Search code examples
scikit-learnscipyrandom-seedhyperparametersscipy.stats

Is there a discretised version of scipy.stats.loguniform?


When running hyperparameter tuning on a random forest, I sometimes want to specify a large integer range of values for integer parameters like min_samples_leaf (e.g. ranging from the default value of 1 up to 100).

Whilst I could specify this range using scipy.stats.randint(1, 100), I'd prefer to use a log-uniform distribution as my range covers two orders of magnitude. SciPy has stats.loguniform for continuous rvs, but doesn't seem to have a discretised equivalent.

A quick solution for approximating the discretised space is to just sample lots of continuous values and then convert the samples to integers:

from sklearn.model_selection import RandomizedSearchCV
from sklearn.ensemble import RandomForestRegressor

from scipy.stats import loguniform
import numpy as np

#Draw lots of samples and discretise them, in order to approximate
# a discretised loguniform sample space
def discretised_loguniform_samples(low, high, seed=None, sample_size=100_000):
    float_rvs = loguniform(low, high, seed=seed).rvs(n_samples)
    return float_rvs.round().astype(int)

Usage:

rf_param_distributions = {
    'min_samples_leaf': discretised_loguniform_samples(low=1, high=100, seed=0),
     ...
}

#This will draw n_iter=10 samples from the fixed list of integers created above.
# The list from which the samples are drawn is fixed in advance and therefore
# can't exploit the randomness imparted by the consumable random_state argument.
RandomizedSearchCV(
    estimator=RandomForestRegressor(random_state=np.random.RandomState(0)),
    param_distributions=rf_param_distributions,
    n_iter=10,
    random_state=np.random.RandomState(0),
    ...
)

The downside is that when I define the list of integers in advance, that gives me only a single static space (however large) that is fixed throughout the tuning process. I want to exploit the randomness imparted by the consumable random_seed= in RandomizedSearchCV*, rather than being limited to a pre-defined list.

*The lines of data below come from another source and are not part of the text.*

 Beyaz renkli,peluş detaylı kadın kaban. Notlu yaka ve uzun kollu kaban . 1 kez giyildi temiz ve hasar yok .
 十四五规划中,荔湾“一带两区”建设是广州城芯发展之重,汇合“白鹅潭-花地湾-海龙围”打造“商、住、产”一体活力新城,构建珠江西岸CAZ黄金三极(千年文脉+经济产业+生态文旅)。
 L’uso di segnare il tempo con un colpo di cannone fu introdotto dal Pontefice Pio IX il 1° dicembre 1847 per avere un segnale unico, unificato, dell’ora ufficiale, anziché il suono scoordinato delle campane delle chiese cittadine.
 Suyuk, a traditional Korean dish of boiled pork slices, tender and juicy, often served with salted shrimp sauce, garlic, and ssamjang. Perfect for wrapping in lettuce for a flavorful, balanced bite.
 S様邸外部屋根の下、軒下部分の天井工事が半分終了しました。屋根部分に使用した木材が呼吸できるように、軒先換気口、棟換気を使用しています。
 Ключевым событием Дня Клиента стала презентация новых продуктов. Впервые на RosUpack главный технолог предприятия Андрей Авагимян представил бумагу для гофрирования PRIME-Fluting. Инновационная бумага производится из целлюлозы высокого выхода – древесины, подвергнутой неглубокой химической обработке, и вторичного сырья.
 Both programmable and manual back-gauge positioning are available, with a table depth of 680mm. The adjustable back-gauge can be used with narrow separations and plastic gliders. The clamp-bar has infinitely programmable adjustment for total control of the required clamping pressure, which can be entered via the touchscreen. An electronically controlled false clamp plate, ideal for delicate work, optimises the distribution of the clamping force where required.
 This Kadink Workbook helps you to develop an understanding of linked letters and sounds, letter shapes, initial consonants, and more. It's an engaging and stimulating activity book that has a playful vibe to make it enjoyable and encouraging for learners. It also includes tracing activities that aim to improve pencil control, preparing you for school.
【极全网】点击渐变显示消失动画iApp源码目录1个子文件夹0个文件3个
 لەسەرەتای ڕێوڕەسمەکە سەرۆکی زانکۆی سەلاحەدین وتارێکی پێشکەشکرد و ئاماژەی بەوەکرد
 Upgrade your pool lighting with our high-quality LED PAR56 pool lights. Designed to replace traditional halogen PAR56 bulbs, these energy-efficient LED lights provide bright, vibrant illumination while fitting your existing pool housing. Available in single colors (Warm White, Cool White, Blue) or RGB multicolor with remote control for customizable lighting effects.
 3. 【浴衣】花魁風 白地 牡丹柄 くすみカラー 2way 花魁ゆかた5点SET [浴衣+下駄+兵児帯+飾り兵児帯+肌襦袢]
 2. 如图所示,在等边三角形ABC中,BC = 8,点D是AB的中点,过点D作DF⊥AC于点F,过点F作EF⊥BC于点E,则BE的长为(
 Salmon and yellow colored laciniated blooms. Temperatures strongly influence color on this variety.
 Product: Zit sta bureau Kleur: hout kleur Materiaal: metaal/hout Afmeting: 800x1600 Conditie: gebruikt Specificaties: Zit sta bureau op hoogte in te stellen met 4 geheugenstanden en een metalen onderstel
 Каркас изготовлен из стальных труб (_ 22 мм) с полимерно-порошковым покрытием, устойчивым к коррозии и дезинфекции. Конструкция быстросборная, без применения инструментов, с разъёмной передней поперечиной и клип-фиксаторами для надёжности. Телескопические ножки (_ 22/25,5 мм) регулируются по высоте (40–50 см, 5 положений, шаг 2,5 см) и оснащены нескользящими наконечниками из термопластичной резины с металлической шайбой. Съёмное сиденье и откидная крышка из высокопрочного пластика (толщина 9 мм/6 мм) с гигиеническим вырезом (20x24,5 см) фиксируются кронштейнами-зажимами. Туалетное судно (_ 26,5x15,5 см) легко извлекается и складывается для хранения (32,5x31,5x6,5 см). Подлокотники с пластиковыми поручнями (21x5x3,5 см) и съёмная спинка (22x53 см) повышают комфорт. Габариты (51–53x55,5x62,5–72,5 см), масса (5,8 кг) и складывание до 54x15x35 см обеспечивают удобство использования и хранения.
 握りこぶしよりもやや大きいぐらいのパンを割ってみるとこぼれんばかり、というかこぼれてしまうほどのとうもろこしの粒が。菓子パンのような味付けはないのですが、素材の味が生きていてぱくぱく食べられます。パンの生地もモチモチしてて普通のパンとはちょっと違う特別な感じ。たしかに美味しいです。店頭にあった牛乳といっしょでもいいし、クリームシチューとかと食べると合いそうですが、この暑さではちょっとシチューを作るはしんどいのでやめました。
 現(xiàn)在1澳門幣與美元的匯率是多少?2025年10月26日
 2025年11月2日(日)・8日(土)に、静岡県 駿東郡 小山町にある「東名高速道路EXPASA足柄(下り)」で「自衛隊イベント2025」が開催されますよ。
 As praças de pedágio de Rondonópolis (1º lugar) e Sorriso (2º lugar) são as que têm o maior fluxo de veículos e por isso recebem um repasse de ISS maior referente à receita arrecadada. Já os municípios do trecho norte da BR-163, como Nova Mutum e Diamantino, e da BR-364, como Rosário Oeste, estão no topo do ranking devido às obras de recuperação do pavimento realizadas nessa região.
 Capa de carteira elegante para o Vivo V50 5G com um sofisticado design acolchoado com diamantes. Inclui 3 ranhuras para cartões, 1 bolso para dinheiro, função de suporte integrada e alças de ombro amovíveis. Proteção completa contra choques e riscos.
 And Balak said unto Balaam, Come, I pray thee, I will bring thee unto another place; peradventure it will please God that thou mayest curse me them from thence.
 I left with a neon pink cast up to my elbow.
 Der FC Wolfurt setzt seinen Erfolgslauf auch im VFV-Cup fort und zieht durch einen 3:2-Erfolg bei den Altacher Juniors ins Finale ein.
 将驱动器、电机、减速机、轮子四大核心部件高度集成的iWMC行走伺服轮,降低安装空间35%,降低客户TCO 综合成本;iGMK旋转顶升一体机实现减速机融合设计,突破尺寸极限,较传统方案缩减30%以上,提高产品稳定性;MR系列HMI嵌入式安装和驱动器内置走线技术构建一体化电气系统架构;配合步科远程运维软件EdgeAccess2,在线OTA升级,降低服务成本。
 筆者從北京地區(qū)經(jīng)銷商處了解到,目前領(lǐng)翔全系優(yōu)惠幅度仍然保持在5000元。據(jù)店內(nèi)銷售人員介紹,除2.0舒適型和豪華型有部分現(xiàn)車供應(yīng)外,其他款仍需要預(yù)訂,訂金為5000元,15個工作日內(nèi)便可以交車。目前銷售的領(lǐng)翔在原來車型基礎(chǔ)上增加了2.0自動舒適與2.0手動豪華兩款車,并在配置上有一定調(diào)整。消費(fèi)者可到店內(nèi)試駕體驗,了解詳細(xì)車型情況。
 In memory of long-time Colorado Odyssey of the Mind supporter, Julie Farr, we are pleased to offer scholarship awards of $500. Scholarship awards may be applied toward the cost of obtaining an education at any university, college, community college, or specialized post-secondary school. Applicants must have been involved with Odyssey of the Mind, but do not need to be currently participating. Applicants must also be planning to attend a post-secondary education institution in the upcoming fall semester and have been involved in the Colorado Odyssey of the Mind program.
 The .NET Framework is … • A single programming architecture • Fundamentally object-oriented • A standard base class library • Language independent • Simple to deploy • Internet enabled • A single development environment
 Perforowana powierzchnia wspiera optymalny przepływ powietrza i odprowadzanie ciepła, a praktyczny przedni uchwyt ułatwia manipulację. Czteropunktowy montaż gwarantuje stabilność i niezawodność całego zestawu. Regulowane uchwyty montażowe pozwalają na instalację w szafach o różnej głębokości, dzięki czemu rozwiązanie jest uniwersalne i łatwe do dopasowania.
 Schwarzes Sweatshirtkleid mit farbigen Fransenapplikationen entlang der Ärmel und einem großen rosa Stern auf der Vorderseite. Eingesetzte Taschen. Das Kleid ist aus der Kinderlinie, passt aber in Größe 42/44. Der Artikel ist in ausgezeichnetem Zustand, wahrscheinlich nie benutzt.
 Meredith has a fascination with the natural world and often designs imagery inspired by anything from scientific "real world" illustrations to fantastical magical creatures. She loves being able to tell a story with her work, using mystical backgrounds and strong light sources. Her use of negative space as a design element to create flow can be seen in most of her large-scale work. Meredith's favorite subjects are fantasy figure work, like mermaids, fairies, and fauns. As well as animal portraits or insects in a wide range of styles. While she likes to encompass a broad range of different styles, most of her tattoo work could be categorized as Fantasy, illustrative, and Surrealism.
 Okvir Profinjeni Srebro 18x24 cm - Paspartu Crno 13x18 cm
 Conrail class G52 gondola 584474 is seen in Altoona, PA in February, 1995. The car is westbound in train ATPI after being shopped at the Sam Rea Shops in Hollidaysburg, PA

How can I modify loguniform in such a way that I get a discretised version of its samples for each call to rvs()?

*RandomizedSearchCV passes down its random_state= parameter to the distribution's rvs() method. The docs seem ambiguous on this point, stating that random_state= is "used for sampling from lists of possible values instead of scipy.stats distributions".


Solution

  • The approach below simply decorates/wraps loguniform.rvs() with a float-to-int function:

    def float_to_int(rvs):
        def rvs_wrapper(*args, **kwargs):
            return rvs(*args, **kwargs).round().astype(int)
        return rvs_wrapper
    
    def int_loguniform(low, high):
        #Create a loguniform object
        lu = loguniform(low, high)
    
        #Wrap its rvs() with float-to-int
        lu.rvs = float_to_int(lu.rvs)
    
        #Return modified loguniform object
        return lu
    

    Usage:

    rf_param_distributions = {
        'min_samples_leaf': int_loguniform(low=1, high=100),
         ...
    }
    
    #Each iteration will consume the supplied random_state,
    # We are no longer limited to drawing samples from a fixed list.
    RandomizedSearchCV(
        estimator=RandomForestRegressor(random_state=np.random.RandomState(0)),
        param_distributions=rf_param_distributions,
        n_iter=10,
        random_state=np.random.RandomState(0),
        ...
    )